I could likely devote an entire website to the subject of Sundays.

I ran four miles, down the Westside Highway to Battery Park where a lot of Europeans and Asians were shuttling between Ground Zero and the ferry to the Statue of Liberty. They walked with maps open, the angle of their collective forward leaning matched the weather, somewhere close to 75 degrees.

On the run down, I passed the parks that are slivered out of the highway like almonds and dressed in grass. A Manhattan microcosm: there is barely enough room to do anything between the Hudson and the highway but locals crowd the yards to make the most of them, girls tan beside the road in bras, men read the Journal shirtless.

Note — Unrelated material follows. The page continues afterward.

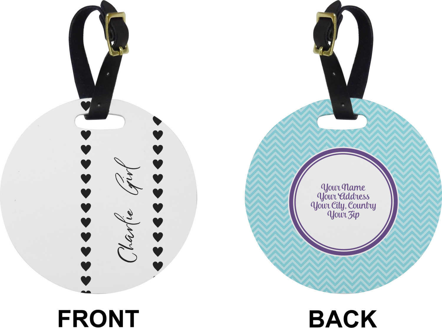 These personalized bag tags are sold in a variety of shapes, so that you may find the product that meets your vision exactly. We sell a round luggage tag, which measures at approximately 4" x 4". Our square luggage tag is about 3.5" x 3.5", while our rectangular version is 2.75" x 4 ".

Every ten blocks is a pier but everyone seems distrustful of them. They are fragments of recreation, mere cement garnishes where only the kids seem not to notice their lacking. The ferry is my turnaround point, a man is playing Louis Armstrong on a horn for money (we all know which song but it sounds like taps). I am drenched in not belonging, I start back.

Above the Century 21 department store there is a boldly fonted sign that says REMEMBER FATHER'S DAY; I would not have been able to see the sign from the pathway if the towers hadn't been knocked down. My running mix goes from Mystery Train to The Eraser, Elvis to England and I get home in time for brunch at the French cafe down the street where I am a regular.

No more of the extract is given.